A1098
Title: Combining experimental and observational data for identification and estimation of long-term causal effects
Authors: AmirEmad Ghassami - Boston University (United States) [presenting]
Ilya Shpitser - Johns Hopkins University (United States)
Eric Tchetgen Tchetgen - University of Pennsylvania (United States)
Abstract: The task of identifying and estimating the causal effect of a treatment variable is considered on a long-term outcome variable using data from an observational domain and an experimental domain. The observational domain is subject to unobserved confounding. Furthermore, subjects in the experiment are only followed for a short period of time; hence, long-term effects of treatment are unobserved, but short-term effects are observed. Therefore, data from neither domain alone suffices for causal inference about the causal and must be pooled in a principled way instead.
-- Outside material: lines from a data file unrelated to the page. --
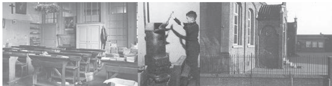
Een kijkje in de 4e klas.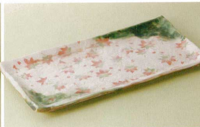
25515-106 3,250円 251021411 色彩春秋長角大皿 (360×175×23mm)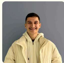
Mathis Pôle Projets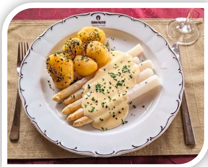
Frischer deutscher Spargel

mit Petersilienkartoffeln und Sauce Hollandaise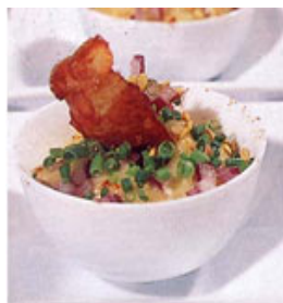
Humus de Balzac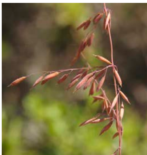
Pflanzenhorst mit Rispen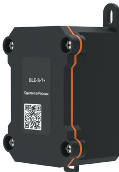
Рисунок 1 – Внешний вид датчика

Внешний вид датчика представлена на рисунке 1.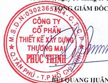
BUI QUANG HUÂN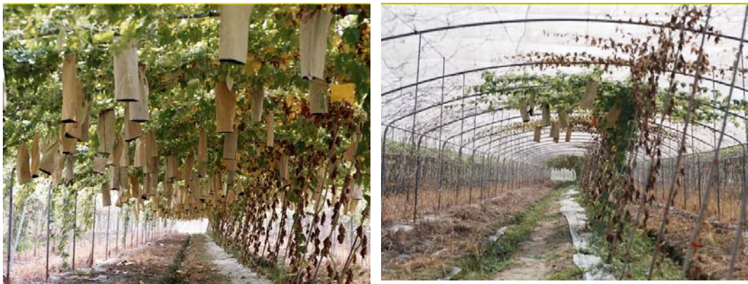
圖二、SGS3醱酵製劑於屏東萬丹地區田間對苦瓜連作障礙之防治效果，上圖示為著果後田間植株存活率調查結果處理組(BS+S)與對照組(CK)比較；下左圖為經澆灌處理之植株旺盛生長之情形，下右圖則為未處理之對照植株。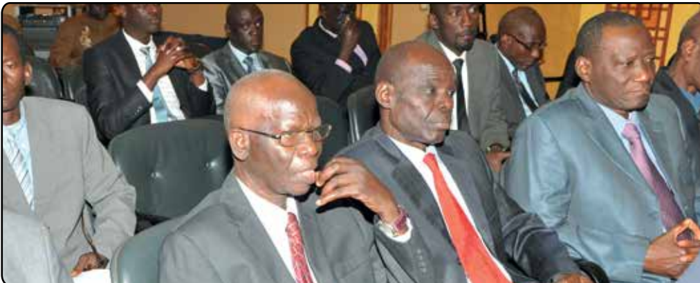
D'anciens employés supérieurs de la Cour des Comptes du Sénégal ont honoré de leur présence la cérémonie d'ouverture des travaux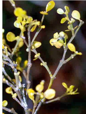
104 Dendrophthora elliptica LORANTHACEAE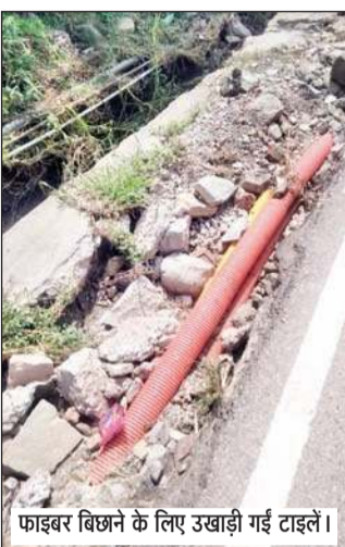
फाइबर बिछाने के लिए उखाड़ी गई टाइलें।

पहले यहां फाइबर केबल बिछाने के लिए सड़क के किनारे के भाग को टाइलों समेत उखाड़ा गया था, लेकिन करीब 4 माह गुजर जाने के बाद भी इसकी मरम्मत नहीं की गई। इससे कभी भी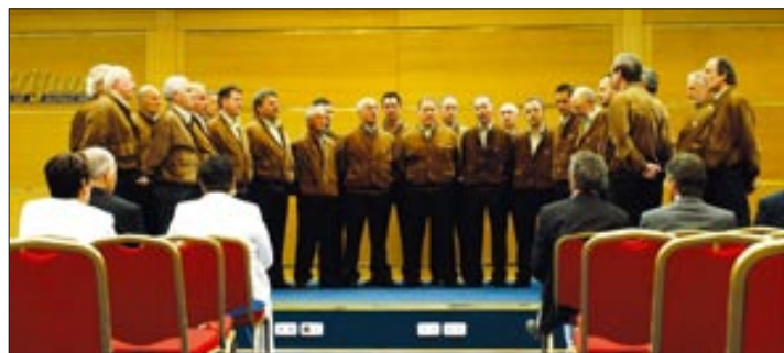
stupili su gostujući Coro Sasso Rosso i pulske Teranke.

Tim povodom upriličena je gastro prezentacija proizvoda regije Trento i tipičnih istarskih proizvoda brijunskog zaleđa, uz nastup folkloru Zajednice Talijana Bale. Istom prigodom na-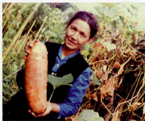
收获喜悦(手上所抱乃墨脱产的大南瓜)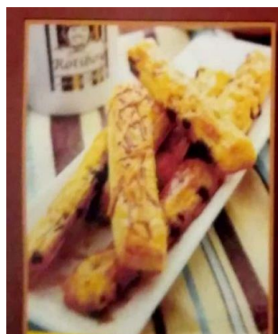
Gambar 2.6 Rotiboy Pastry Stick

Berbeda dengan roti manis lainnya, Rotiboy Pastry Stick menjadi menu alternative Roti kering dengan rasa yang agak asin dengan isian keju. Produk tersebut dijual dengan harga Rp.11.000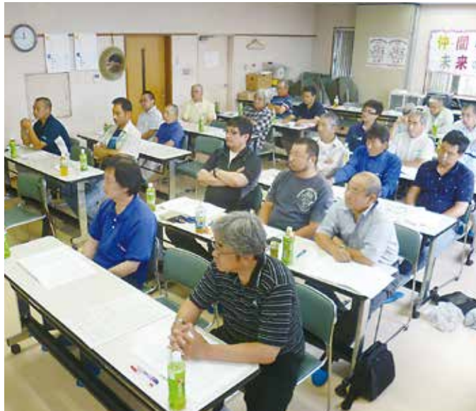
上: PAL 活動の重要性をしっかりと学習 下: 交流会を前に自然と顔がほころびます

7月6日(日)午前9時 多摩北(清瀬久留米・小平・西東京・村山大和・東村山) 午前中に学習会として、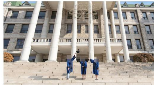
희망자에 한해 우정사진 촬영 (20-30분) 야외 또는 실내 중 선택 하실 수 있습니다. (촬영현장에서 말씀 하시면 됩니다)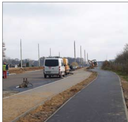
Pomiędzy ul. Gostkowską a Wojska Polskiego jest już jezdnia, ścieżki rowerowe i chodniki. Trwa budowa oświetlenia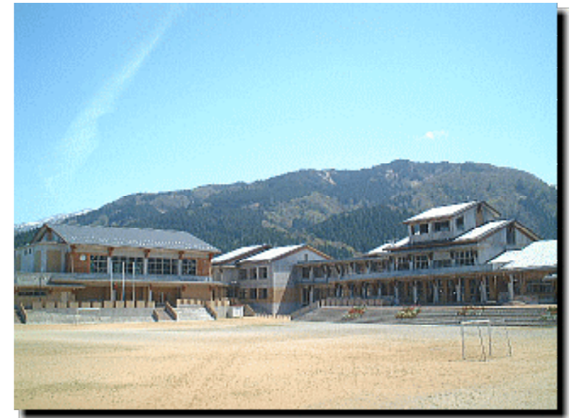
片貝小学校・保育園複合施設の全景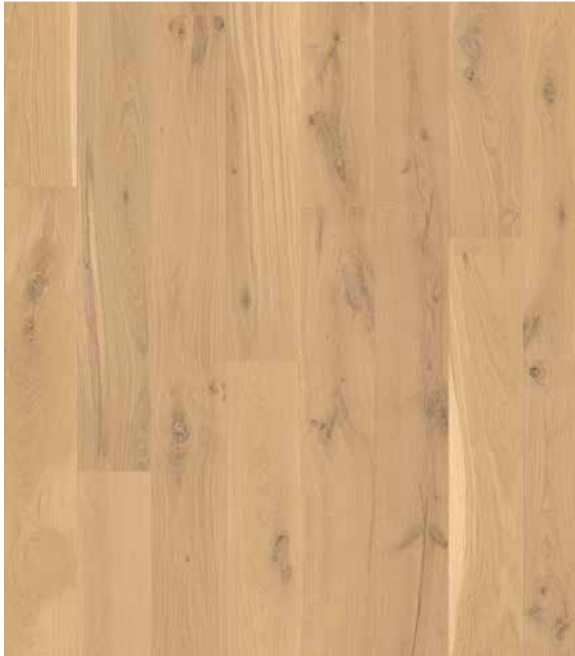
DIELN-OPTIK | EICHE KASCHMIR | WILD BUNT (ORIGINAL) GEFAST, GEBÜRSTET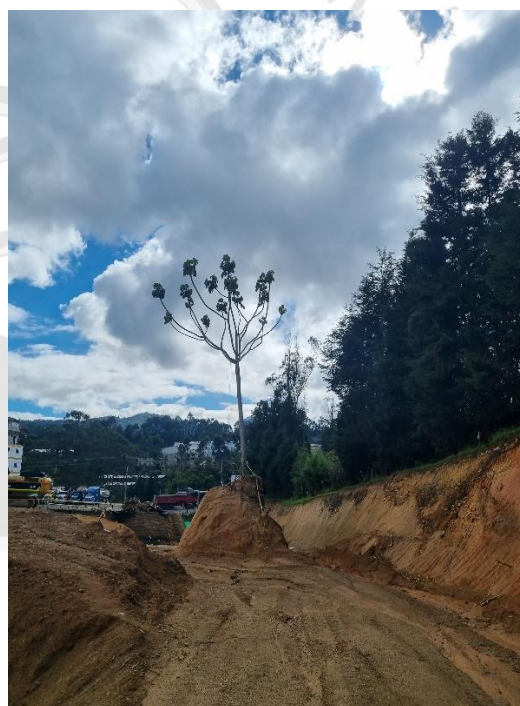
Imagen 3. Individuos a intervenir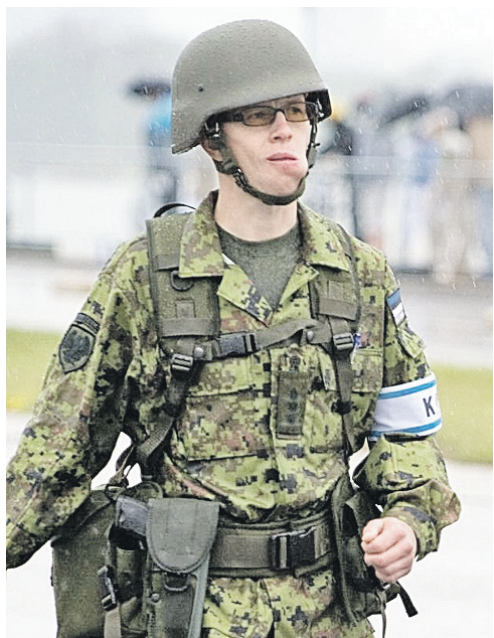
Прибалтика пригрозила, что готова послать вот такие войска в Незалежную. Страшно, аж жуть!

Раскрыл рот и министр обороны еще недавно нейтральной Швеции Пол Йонсон.

Three approaches for data fusion are proposed. The first approach is based on assuming equi-confounding bias for the short-term and long-term outcomes. The second approach is based on a relaxed version of the equi-confounding bias assumption, where the existence of an observed confounder is assumed such that the short-term and long-term potential outcome variables have the same partial additive association with that confounder. The third approach is based on the existence of an extra variable in the system, which is a proxy of the latent confounder of the treatment-outcome relation. Influence function-based estimation strategies are proposed for each of the data fusion frameworks, and the robustness properties of the proposed estimators is studied.